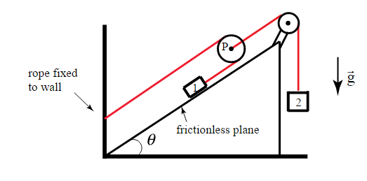 Block 1 of mass m1 slides on a frictionless plane inclined at angle θ with respect to the horizontal. One end of a massless inextensible string is attached to block 1. The string is wound around a frictionless movable pulley P of negligible mass and is also attached to the wall at the base of the inclined plane. Pulley P is connected by a second massless inextensible string to block 2 of mass m2 via a second, frictionless pulley that is fixed in place. Block 2 hangs over the end of the inclined plane (see figure). The downward gravitational acceleration is g.
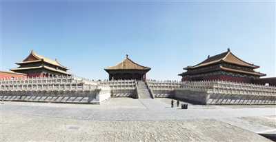 图为坐落在三台之上的三大殿。
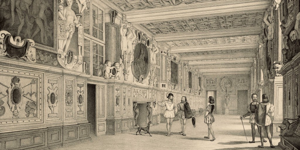En 1657, le château de Fontainebleau est le théâtre d’un sanglant événement. La Reine Christine de Suède, accueillie en France par le cardinal Mazarin, y aurait fait assassiner son grand écuyer, Giovanni Monaldeschi, soupçonné de trahison. Ce dernier est désormais enterré à l’église d’Avon et sa cotte de maille et son épée sont toutes deux conservées au château de Fontainebleau. Sur ce tableau, Christine de Suède tend à Monaldeschi les lettres qui le mettent en cause, tandis que ce dernier, à genoux, implore son pardon. Tous deux sont vêtus à la mode du milieu du XVIIe siècle. Au fond, le château de Fontainebleau sert de cadre à la scène : aussi les souches de cheminées arborent-elles le F de François Ier.
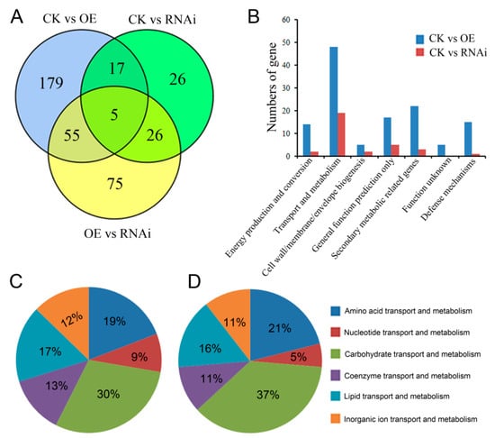 Distribution and classification of DEGs in CK vs. OE, CK vs. RNAi, and OE vs. RNAi. (A) Venn diagram displaying the DEG distribution of samples. (B) COG function classification of DEGs in samples. (C,D) The classification of DEGs involved in transport and metabolism for CK vs OE (C) and CK vs RNAi (D).
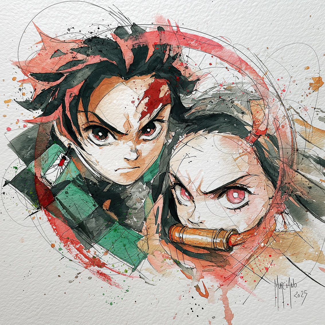 Comme dans l’ensemble de son travail, Murciano mélange pop art, street art et expressionnisme. Dans “Demon Slayers”, les contrastes et la palette chromatique confèrent au tableau une vitalité exceptionnelle. Les couleurs vives traduisent la passion et l’audace, tandis que les formes suggèrent la lutte entre ombre et lumière.
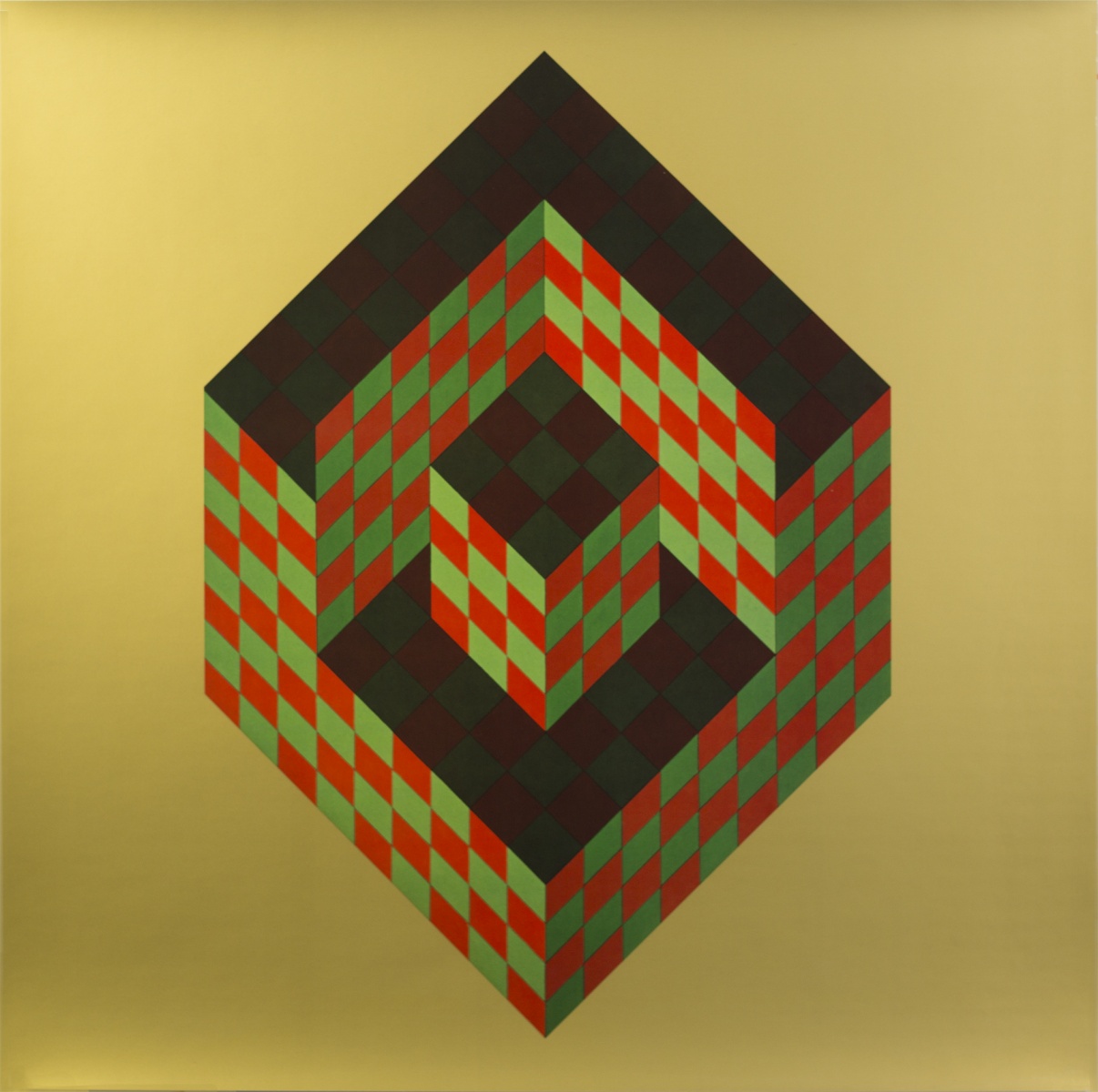 Victor Vasarely est un artiste franco-hongrois considéré comme étant à l’origine du mouvement Op Art ou art optique, que Bridget Riley et Yaacov Agam vont rejoindre. Les peintures et sculptures de Vasarely utilise des formes géométriques et des graphismes colorés pour créer des illusions de profondeur spatiale sur des surfaces à deux dimensions. Cette méthode abstraite de peinture, aussi connue sous le nom d’art cinétique, emprunte aux principes du Bauhaus, de Wassily Kandinsky et du constructivisme, ce qui aura un grand impact sur son travail. Né Vásárhelyi Gyozo le 9 avril 1906 à Pécs en Hongrie, l’artiste étudie d’abord la médecine, puis se tourne vers la peinture deux ans plus tard. Vasarely fréquente la branche hongroise du Bauhaus (Muhely) à Budapest à la fin des années 1920. Après s’être installé à Paris en 1930, Vasarely travaille en tant qu’artiste graphique et développe sa pratique de l’art abstrait géométrique. Il vit et travaille à Paris jusqu’à sa mort à l’âge de 90 ans le 15 mars 1997.
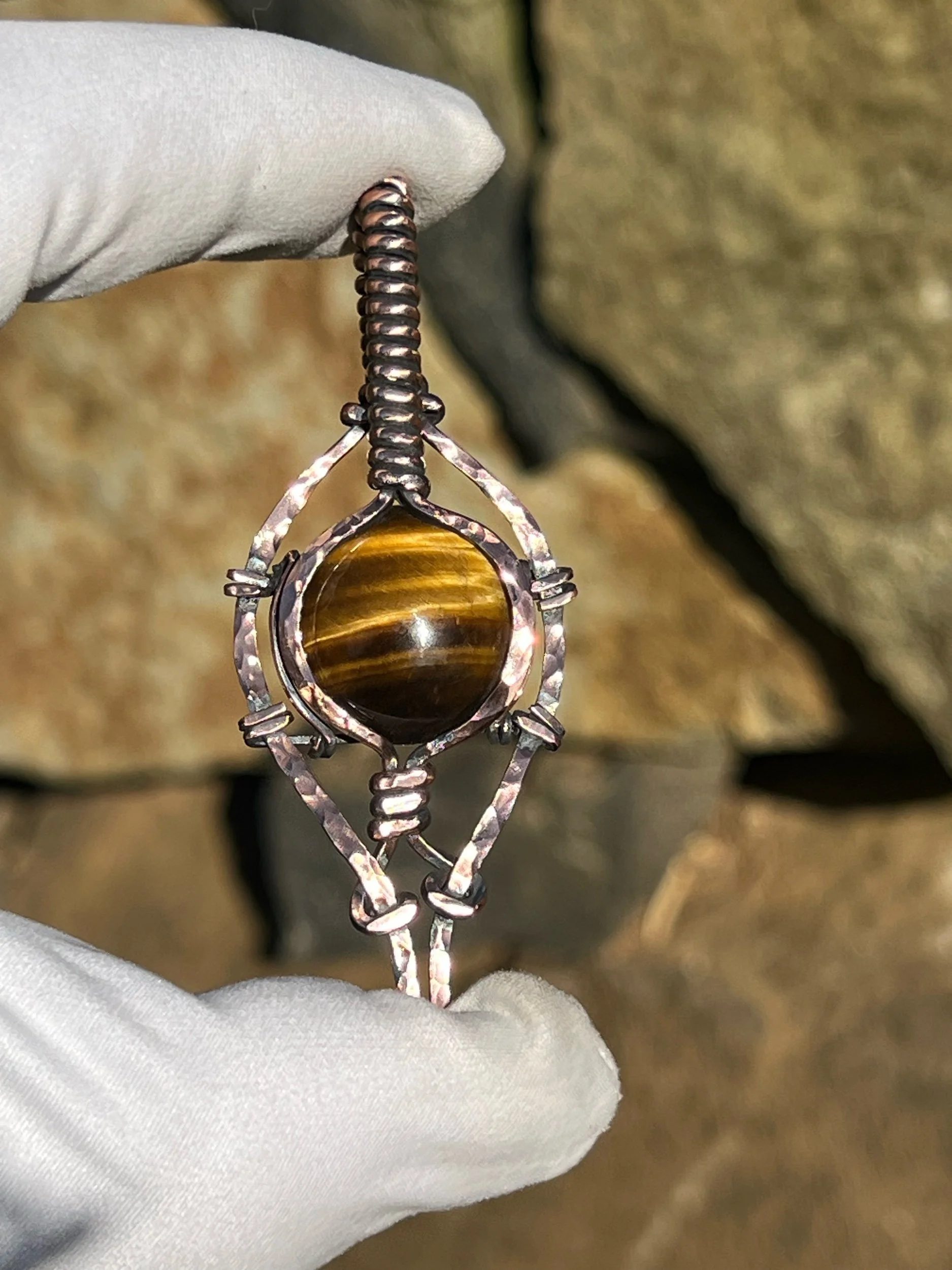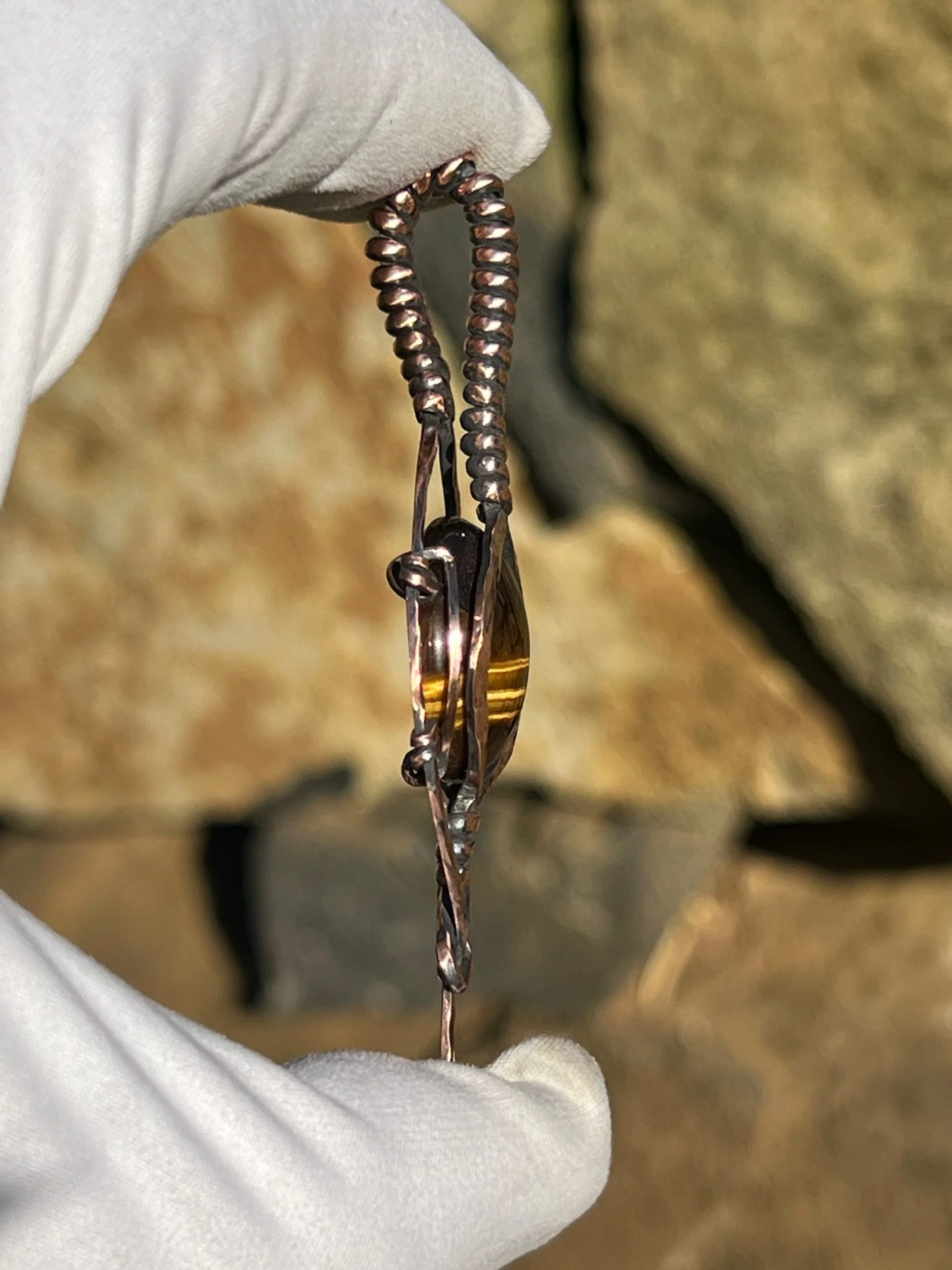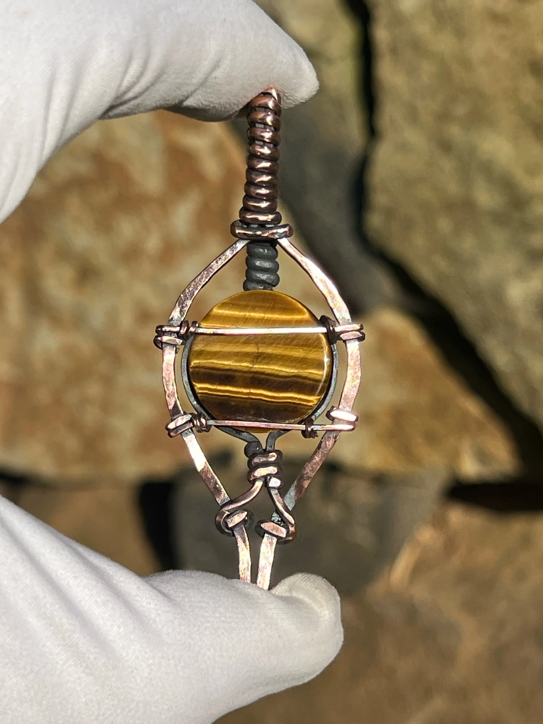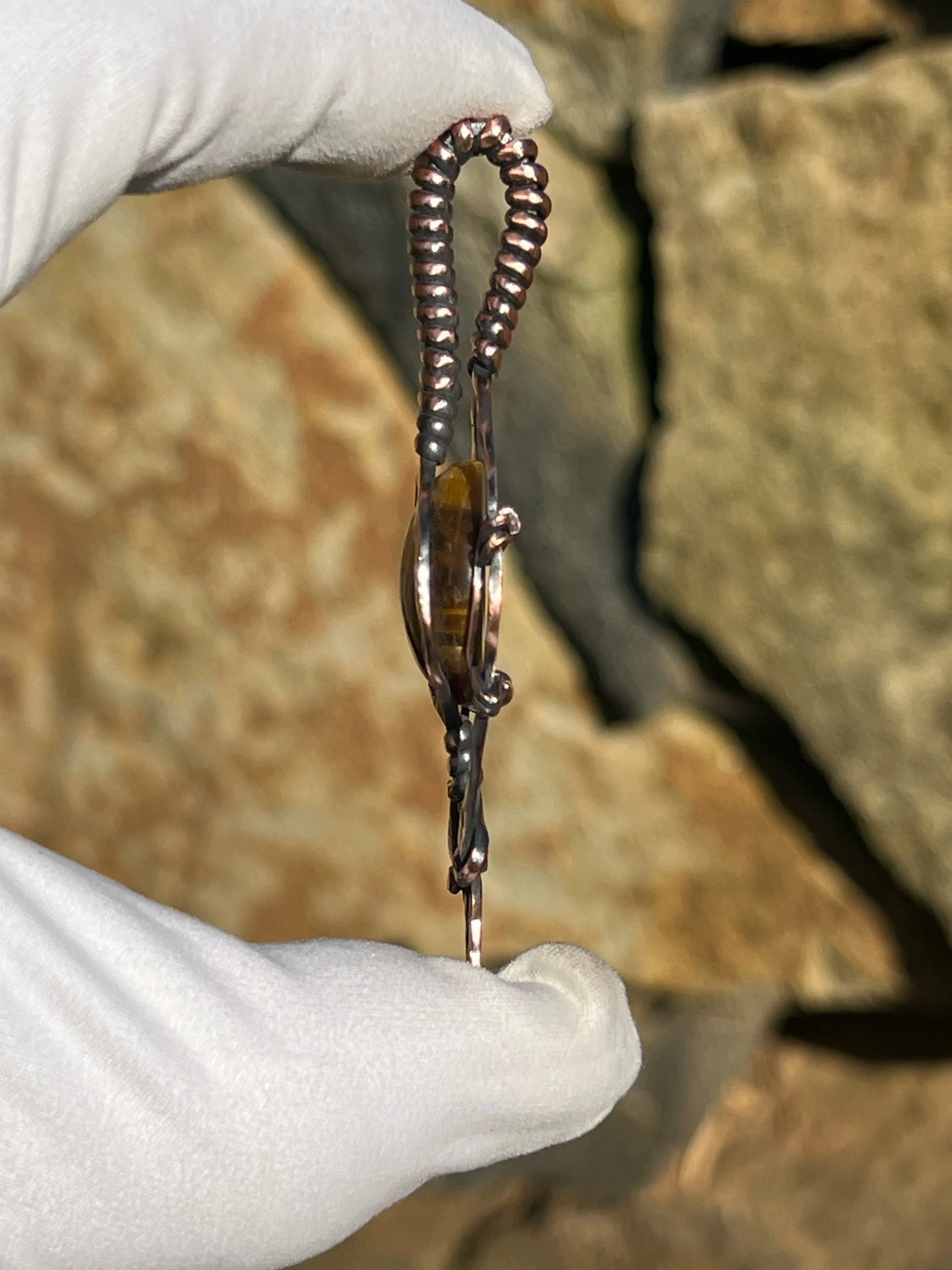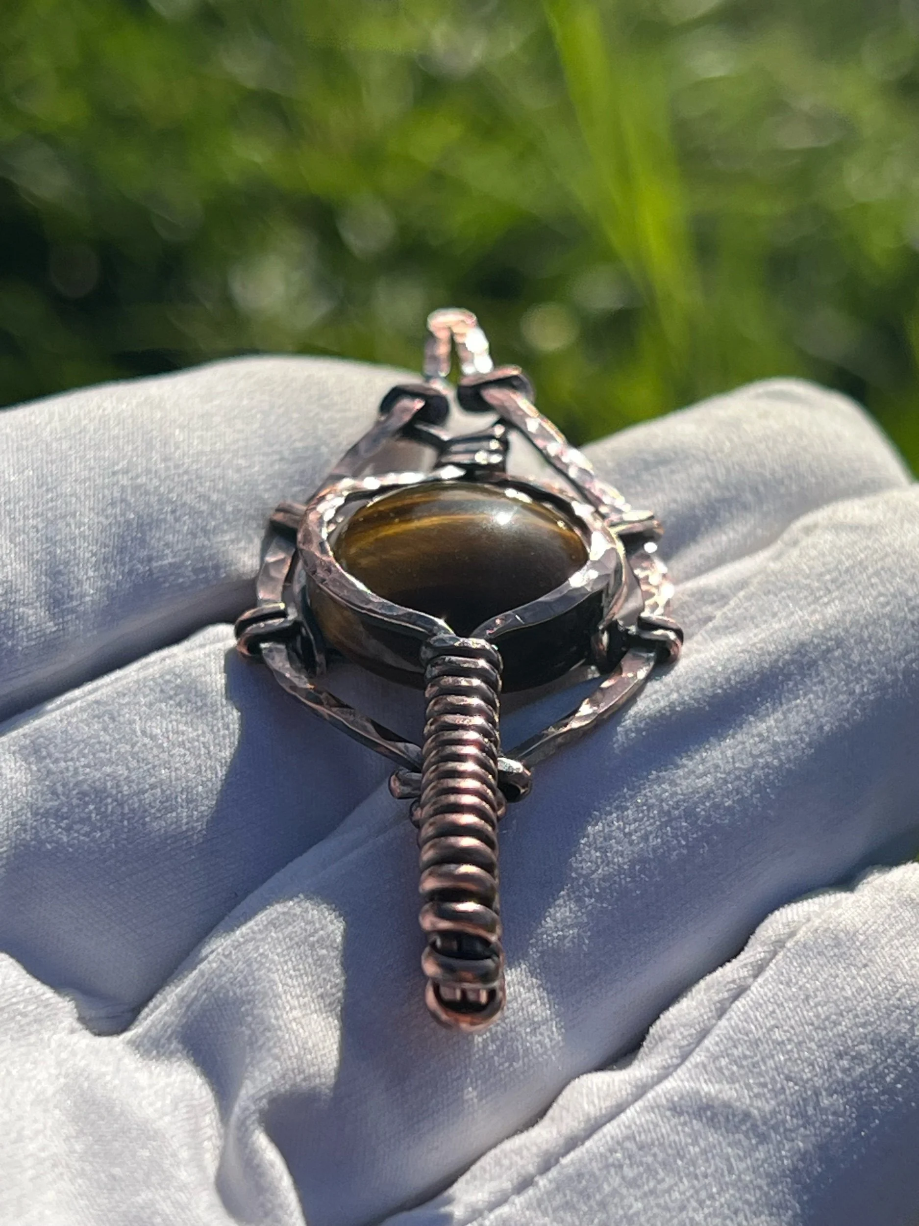 This pendant features a beautiful tigers eye focal gem wrapped in a hammered copper frame that’s been oxidized to give it that antique patina look then polished out to give its depth. It’s classy and looks super antique like you pulled it from your grandma’s heirloom jewelry stash.

------------------------------------

Directions for this task: The reply is to be all the records above, transcribed exactly, with no pictures.

Output for this exercise:
 Block 1 of mass m1 slides on a frictionless plane inclined at angle θ with respect to the horizontal. One end of a massless inextensible string is attached to block 1. The string is wound around a frictionless movable pulley P of negligible mass and is also attached to the wall at the base of the inclined plane. Pulley P is connected by a second massless inextensible string to block 2 of mass m2 via a second, frictionless pulley that is fixed in place. Block 2 hangs over the end of the inclined plane (see figure). The downward gravitational acceleration is g.
 图为坐落在三台之上的三大殿。
En 1657, le château de Fontainebleau est le théâtre d’un sanglant événement. La Reine Christine de Suède, accueillie en France par le cardinal Mazarin, y aurait fait assassiner son grand écuyer, Giovanni Monaldeschi, soupçonné de trahison. Ce dernier est désormais enterré à l’église d’Avon et sa cotte de maille et son épée sont toutes deux conservées au château de Fontainebleau. Sur ce tableau, Christine de Suède tend à Monaldeschi les lettres qui le mettent en cause, tandis que ce dernier, à genoux, implore son pardon. Tous deux sont vêtus à la mode du milieu du XVIIe siècle. Au fond, le château de Fontainebleau sert de cadre à la scène : aussi les souches de cheminées arborent-elles le F de François Ier.
 Distribution and classification of DEGs in CK vs. OE, CK vs. RNAi, and OE vs. RNAi. (A) Venn diagram displaying the DEG distribution of samples. (B) COG function classification of DEGs in samples. (C,D) The classification of DEGs involved in transport and metabolism for CK vs OE (C) and CK vs RNAi (D).
 Comme dans l’ensemble de son travail, Murciano mélange pop art, street art et expressionnisme. Dans “Demon Slayers”, les contrastes et la palette chromatique confèrent au tableau une vitalité exceptionnelle. Les couleurs vives traduisent la passion et l’audace, tandis que les formes suggèrent la lutte entre ombre et lumière.
 Victor Vasarely est un artiste franco-hongrois considéré comme étant à l’origine du mouvement Op Art ou art optique, que Bridget Riley et Yaacov Agam vont rejoindre. Les peintures et sculptures de Vasarely utilise des formes géométriques et des graphismes colorés pour créer des illusions de profondeur spatiale sur des surfaces à deux dimensions. Cette méthode abstraite de peinture, aussi connue sous le nom d’art cinétique, emprunte aux principes du Bauhaus, de Wassily Kandinsky et du constructivisme, ce qui aura un grand impact sur son travail. Né Vásárhelyi Gyozo le 9 avril 1906 à Pécs en Hongrie, l’artiste étudie d’abord la médecine, puis se tourne vers la peinture deux ans plus tard. Vasarely fréquente la branche hongroise du Bauhaus (Muhely) à Budapest à la fin des années 1920. Après s’être installé à Paris en 1930, Vasarely travaille en tant qu’artiste graphique et développe sa pratique de l’art abstrait géométrique. Il vit et travaille à Paris jusqu’à sa mort à l’âge de 90 ans le 15 mars 1997.
 This pendant features a beautiful tigers eye focal gem wrapped in a hammered copper frame that’s been oxidized to give it that antique patina look then polished out to give its depth. It’s classy and looks super antique like you pulled it from your grandma’s heirloom jewelry stash.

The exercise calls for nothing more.